(Records excerpted from a collection)
*-*-*

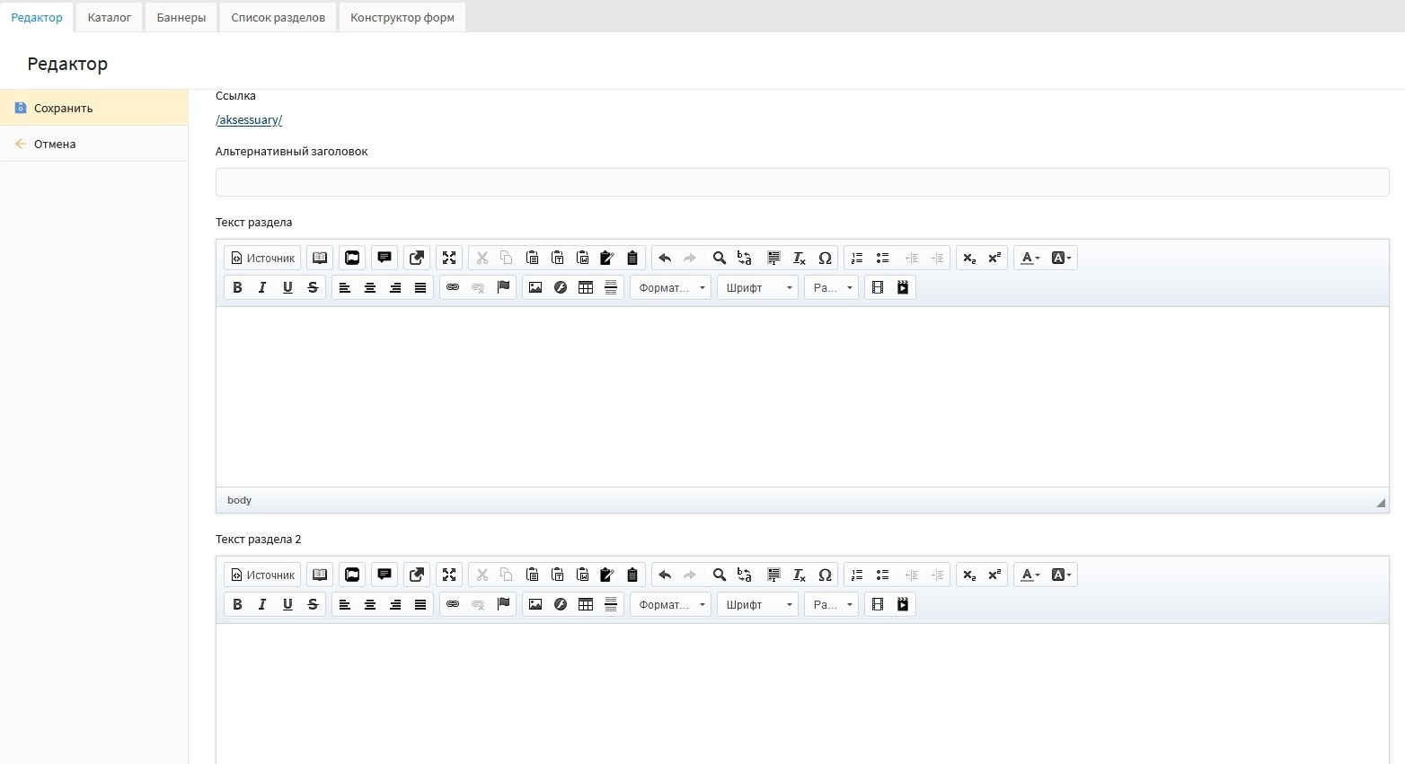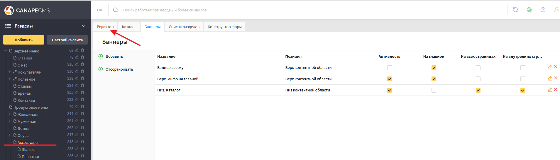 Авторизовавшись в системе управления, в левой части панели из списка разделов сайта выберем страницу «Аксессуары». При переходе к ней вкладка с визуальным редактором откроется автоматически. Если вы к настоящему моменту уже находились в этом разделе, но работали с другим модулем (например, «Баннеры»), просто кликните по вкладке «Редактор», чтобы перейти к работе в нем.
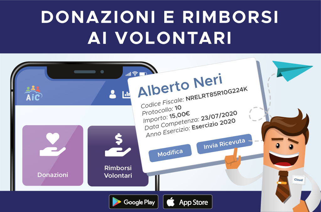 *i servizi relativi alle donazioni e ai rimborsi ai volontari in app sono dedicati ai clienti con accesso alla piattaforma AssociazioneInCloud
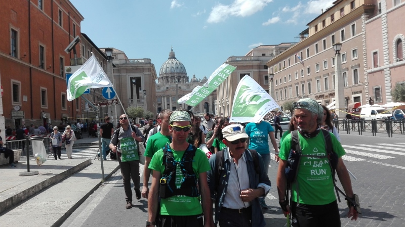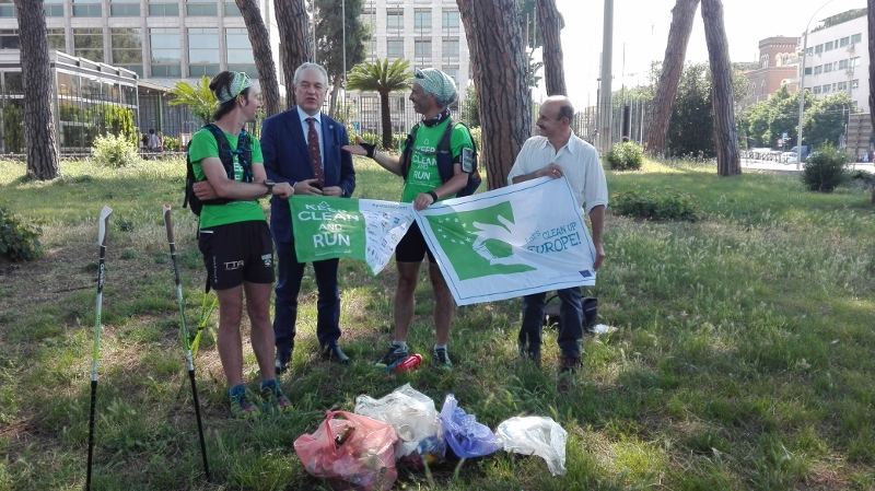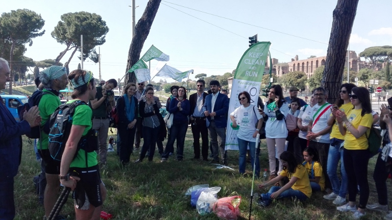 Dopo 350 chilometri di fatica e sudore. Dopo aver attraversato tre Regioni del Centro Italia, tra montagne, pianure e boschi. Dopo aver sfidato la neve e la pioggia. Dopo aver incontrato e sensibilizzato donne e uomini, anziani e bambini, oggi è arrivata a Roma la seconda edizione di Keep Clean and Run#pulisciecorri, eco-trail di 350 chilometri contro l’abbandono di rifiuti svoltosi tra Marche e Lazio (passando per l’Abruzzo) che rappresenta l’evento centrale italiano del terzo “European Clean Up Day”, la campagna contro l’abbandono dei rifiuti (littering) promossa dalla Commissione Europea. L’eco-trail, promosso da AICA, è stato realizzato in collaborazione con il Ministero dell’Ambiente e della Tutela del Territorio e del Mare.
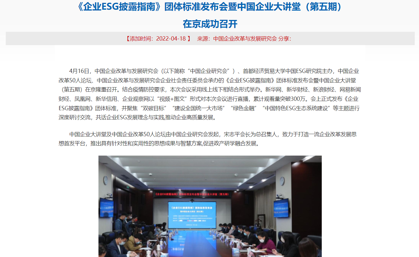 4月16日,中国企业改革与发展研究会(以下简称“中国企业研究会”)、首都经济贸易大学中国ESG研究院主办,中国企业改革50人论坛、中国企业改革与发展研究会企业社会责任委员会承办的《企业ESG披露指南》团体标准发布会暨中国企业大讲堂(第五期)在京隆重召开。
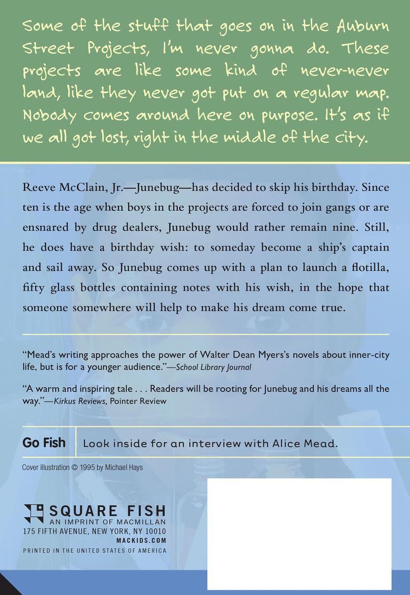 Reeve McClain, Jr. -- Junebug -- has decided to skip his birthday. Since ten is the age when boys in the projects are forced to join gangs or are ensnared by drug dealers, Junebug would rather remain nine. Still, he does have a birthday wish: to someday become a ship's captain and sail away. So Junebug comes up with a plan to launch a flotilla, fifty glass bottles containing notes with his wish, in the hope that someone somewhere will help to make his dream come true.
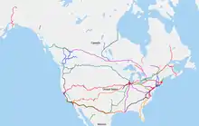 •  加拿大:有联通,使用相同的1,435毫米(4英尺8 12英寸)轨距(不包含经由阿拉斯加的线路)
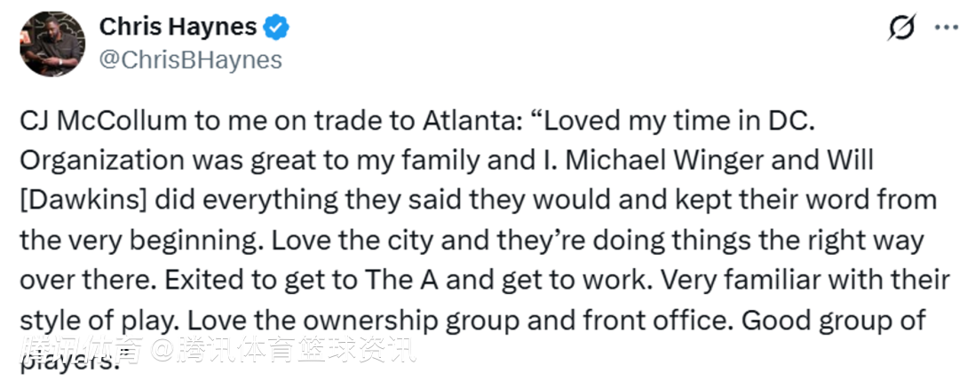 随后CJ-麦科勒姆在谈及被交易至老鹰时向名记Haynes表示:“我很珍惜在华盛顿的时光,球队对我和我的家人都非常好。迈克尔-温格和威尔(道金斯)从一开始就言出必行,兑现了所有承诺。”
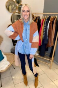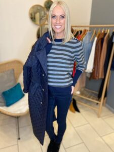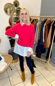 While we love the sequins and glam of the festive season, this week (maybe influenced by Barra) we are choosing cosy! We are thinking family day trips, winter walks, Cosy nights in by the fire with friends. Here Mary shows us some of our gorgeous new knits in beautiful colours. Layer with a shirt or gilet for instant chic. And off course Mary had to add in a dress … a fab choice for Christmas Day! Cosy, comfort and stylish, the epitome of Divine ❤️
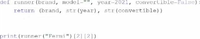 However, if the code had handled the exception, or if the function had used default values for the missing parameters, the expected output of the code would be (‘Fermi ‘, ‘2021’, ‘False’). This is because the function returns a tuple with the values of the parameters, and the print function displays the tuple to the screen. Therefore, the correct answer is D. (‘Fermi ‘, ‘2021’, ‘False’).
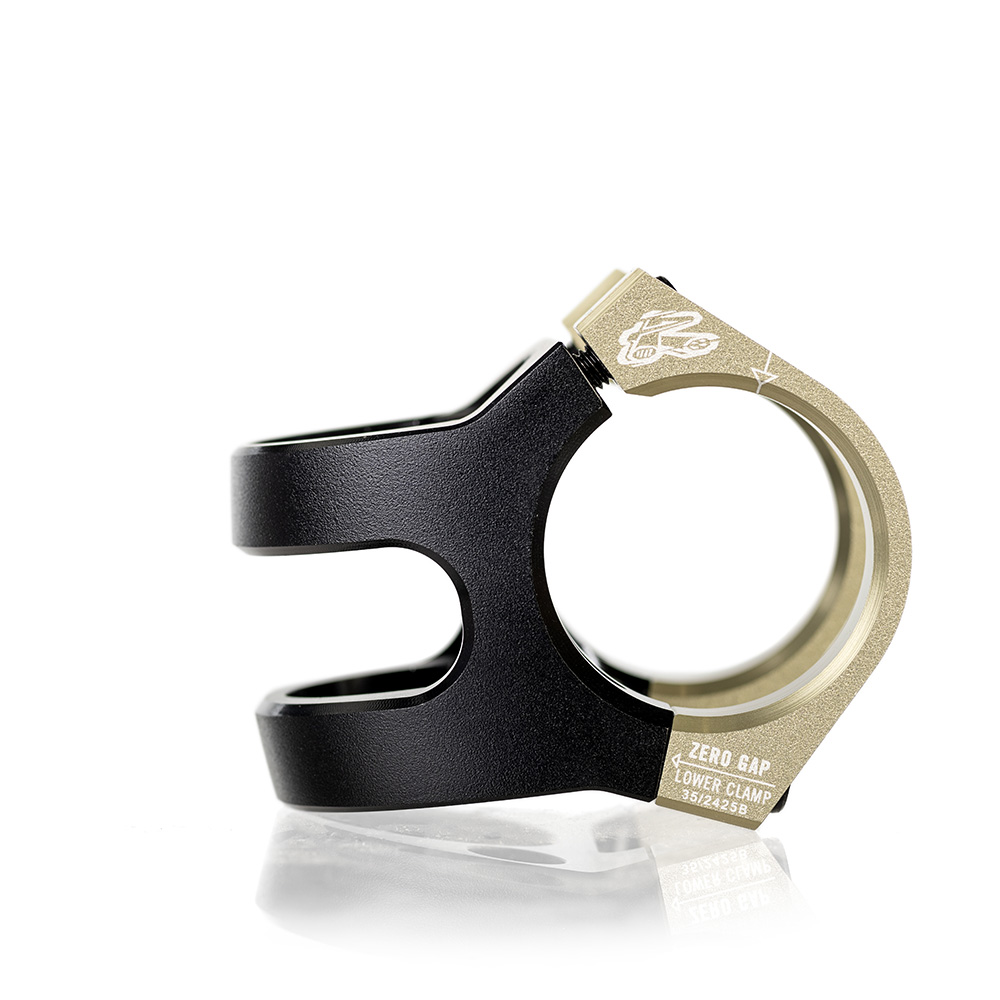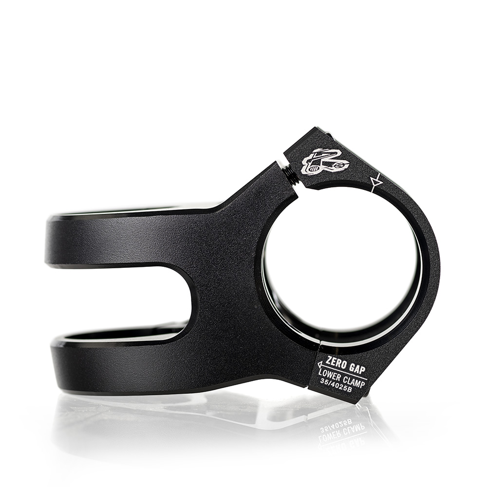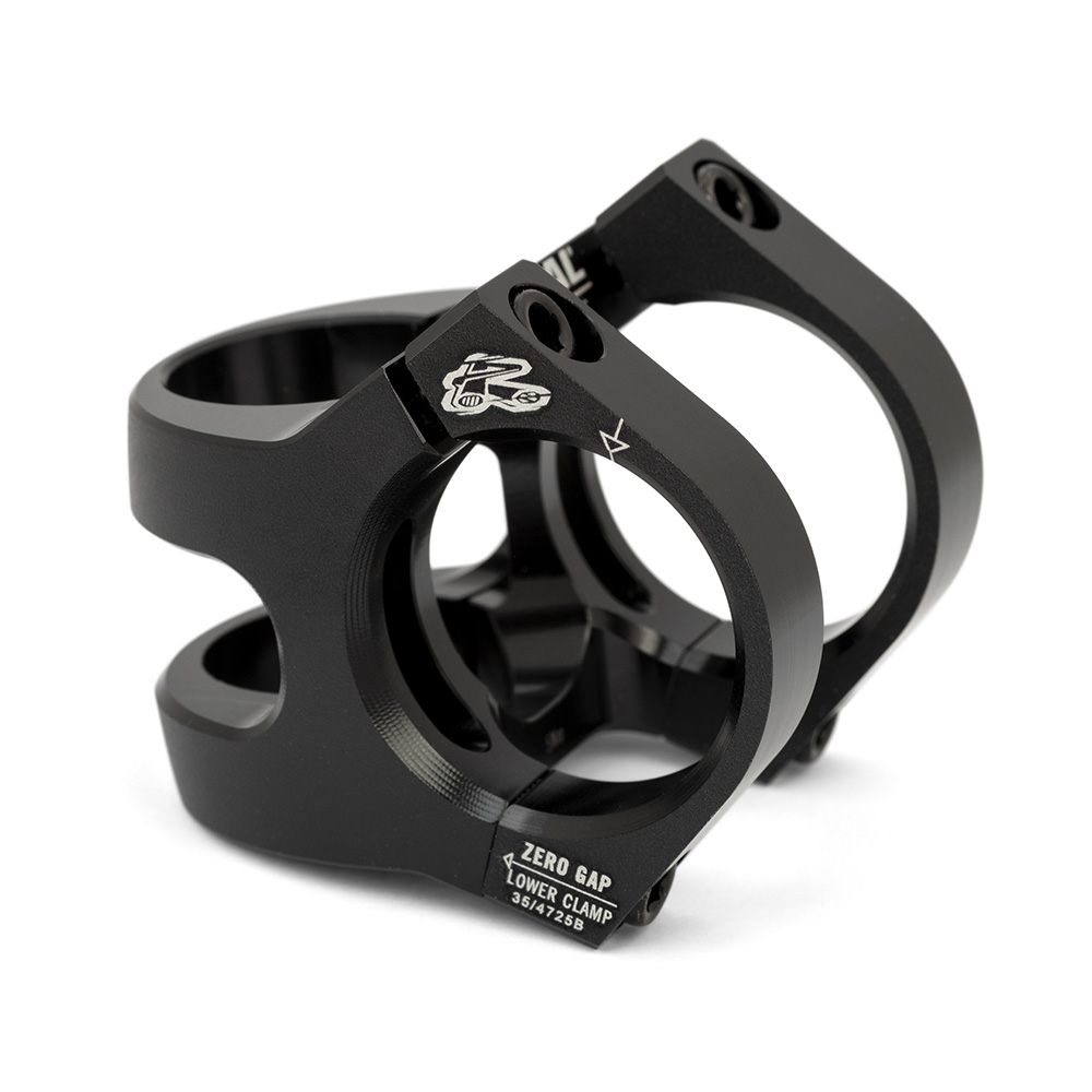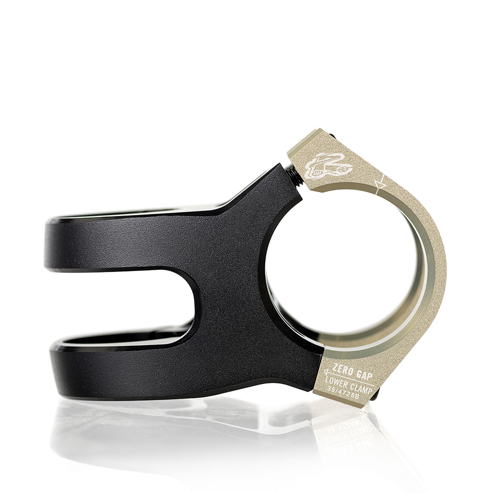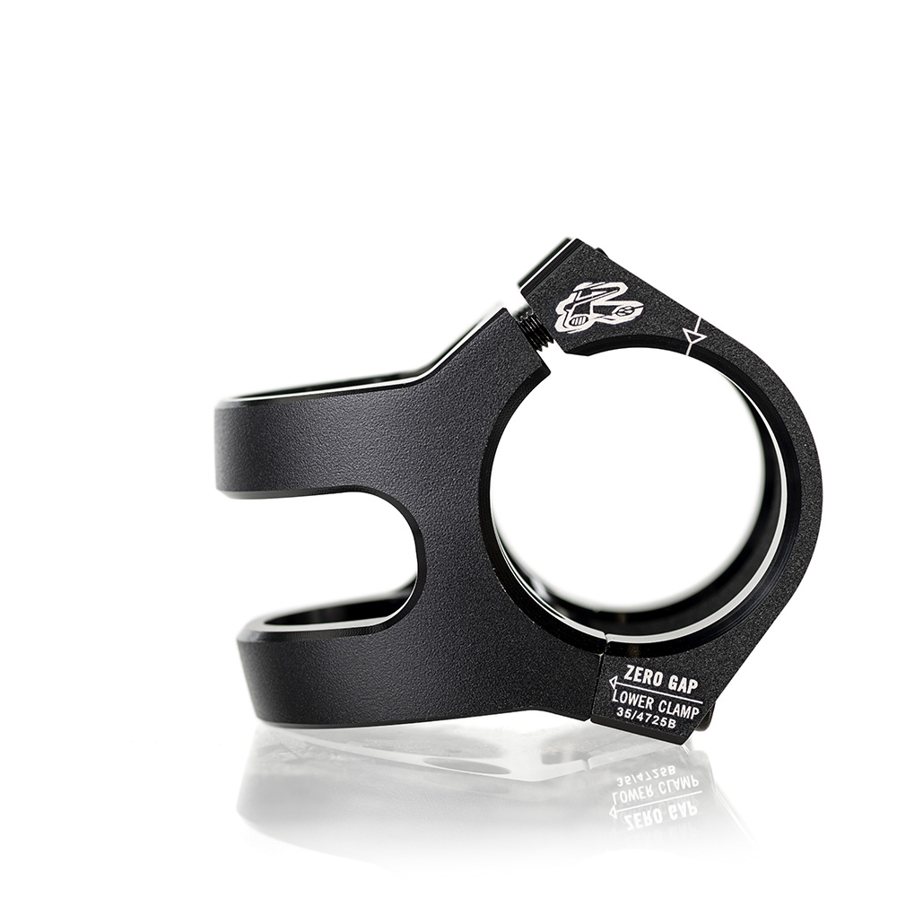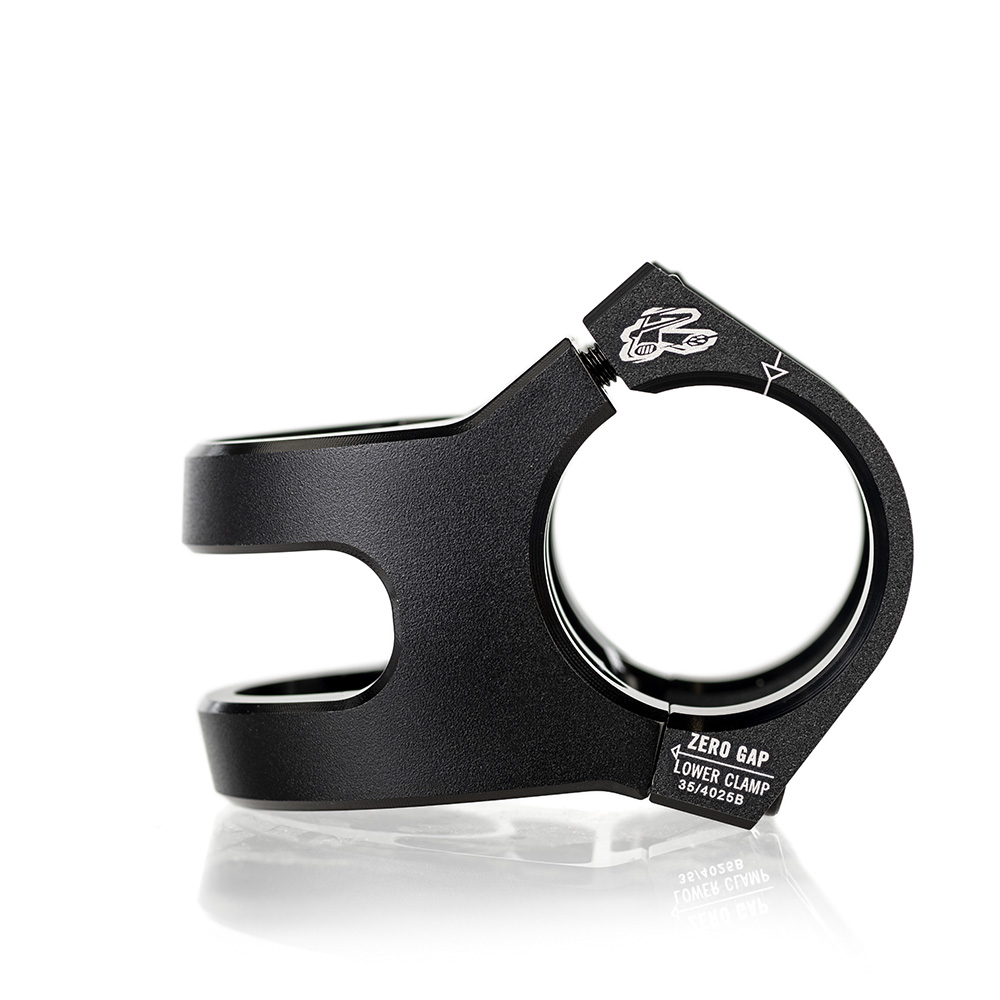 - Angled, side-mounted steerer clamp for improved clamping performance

*-*-*

THE PROBLEM: Output each record exactly as it appears, but not the pictures.

OUTPUT BELOW:
 Авторизовавшись в системе управления, в левой части панели из списка разделов сайта выберем страницу «Аксессуары». При переходе к ней вкладка с визуальным редактором откроется автоматически. Если вы к настоящему моменту уже находились в этом разделе, но работали с другим модулем (например, «Баннеры»), просто кликните по вкладке «Редактор», чтобы перейти к работе в нем.
 *i servizi relativi alle donazioni e ai rimborsi ai volontari in app sono dedicati ai clienti con accesso alla piattaforma AssociazioneInCloud
 Dopo 350 chilometri di fatica e sudore. Dopo aver attraversato tre Regioni del Centro Italia, tra montagne, pianure e boschi. Dopo aver sfidato la neve e la pioggia. Dopo aver incontrato e sensibilizzato donne e uomini, anziani e bambini, oggi è arrivata a Roma la seconda edizione di Keep Clean and Run#pulisciecorri, eco-trail di 350 chilometri contro l’abbandono di rifiuti svoltosi tra Marche e Lazio (passando per l’Abruzzo) che rappresenta l’evento centrale italiano del terzo “European Clean Up Day”, la campagna contro l’abbandono dei rifiuti (littering) promossa dalla Commissione Europea. L’eco-trail, promosso da AICA, è stato realizzato in collaborazione con il Ministero dell’Ambiente e della Tutela del Territorio e del Mare.
 4月16日,中国企业改革与发展研究会(以下简称“中国企业研究会”)、首都经济贸易大学中国ESG研究院主办,中国企业改革50人论坛、中国企业改革与发展研究会企业社会责任委员会承办的《企业ESG披露指南》团体标准发布会暨中国企业大讲堂(第五期)在京隆重召开。
 Reeve McClain, Jr. -- Junebug -- has decided to skip his birthday. Since ten is the age when boys in the projects are forced to join gangs or are ensnared by drug dealers, Junebug would rather remain nine. Still, he does have a birthday wish: to someday become a ship's captain and sail away. So Junebug comes up with a plan to launch a flotilla, fifty glass bottles containing notes with his wish, in the hope that someone somewhere will help to make his dream come true.
 •  加拿大:有联通,使用相同的1,435毫米(4英尺8 12英寸)轨距(不包含经由阿拉斯加的线路)
 随后CJ-麦科勒姆在谈及被交易至老鹰时向名记Haynes表示:“我很珍惜在华盛顿的时光,球队对我和我的家人都非常好。迈克尔-温格和威尔(道金斯)从一开始就言出必行,兑现了所有承诺。”
 While we love the sequins and glam of the festive season, this week (maybe influenced by Barra) we are choosing cosy! We are thinking family day trips, winter walks, Cosy nights in by the fire with friends. Here Mary shows us some of our gorgeous new knits in beautiful colours. Layer with a shirt or gilet for instant chic. And off course Mary had to add in a dress … a fab choice for Christmas Day! Cosy, comfort and stylish, the epitome of Divine ❤️
 However, if the code had handled the exception, or if the function had used default values for the missing parameters, the expected output of the code would be (‘Fermi ‘, ‘2021’, ‘False’). This is because the function returns a tuple with the values of the parameters, and the print function displays the tuple to the screen. Therefore, the correct answer is D. (‘Fermi ‘, ‘2021’, ‘False’).
 - Angled, side-mounted steerer clamp for improved clamping performance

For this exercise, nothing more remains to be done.